Babel is the third installment of the biblical stories created by Sidi Larbi Cherkaoi, the previous two being ‘Foi’ and ‘Myth’. Cherkaoi created them with help from his co-choreographer Damien Jalet. Babel came to Sadlers Wells in May 2010. The word Babel derives from a biblical story ‘The Tower of Babel’. The dictionary describes it as ‘a tower built in an attempt to reach heaven, which God frustrated by confusing the languages of its builders so that they could not understand one another (Genesis 11:1–9)’.Within this essay I will discuss the piece in five main sections; the dancers, the intent, the set, the overall feel and the supporting evidence.

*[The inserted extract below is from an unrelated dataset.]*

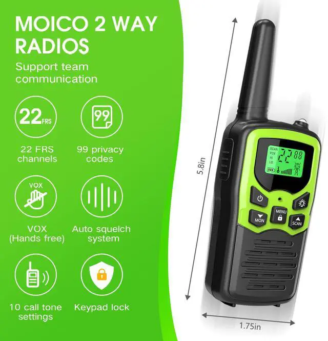Simple, compact and easy to use by the entire family and outdoor events. The MOICO walkie talkies are PERFECT for just about any activity where you need to talk to someone while you're out on some adventure.

The Dancers I feel the choreographer Sidi Larbi Cherkaoui, obtained his dancers in a very true way.

He chose dancers that were removed from their native towns, making it true to the biblical story as each were not comfortable with the English language and culture. Taking influences from all cultures and mixing them together, proving that even though they didn’t share the same language they were capable of coming together and working in unison.Another method of his choosing that I found interesting was that he never auditioned dancers, he kept it very personal by employing friends of friends, which enforces a personalisation to the piece, as they were true people who were hand picked, as opposed to technique dancers dancing choreography. The Intent The intent was clear from the beginning and I feel the piece was too long, revisiting the same idea that we had already established at the very start.The piece was about communication on different levels, it showed this by having a community of culture on stage ranging from the ancient (a motherly Indian woman) to the futuristic (a dominatrix robot doll), this was emphasised on stage when they were separated in different boxes. I enjoyed how Cherkaoui showed how both extremities (the ancient and futuristic) came together, proving we still use ancient traditions today; this was shown when the ancient woman was cleaning the robots. Whether the piece flowed or fragmented is questionable.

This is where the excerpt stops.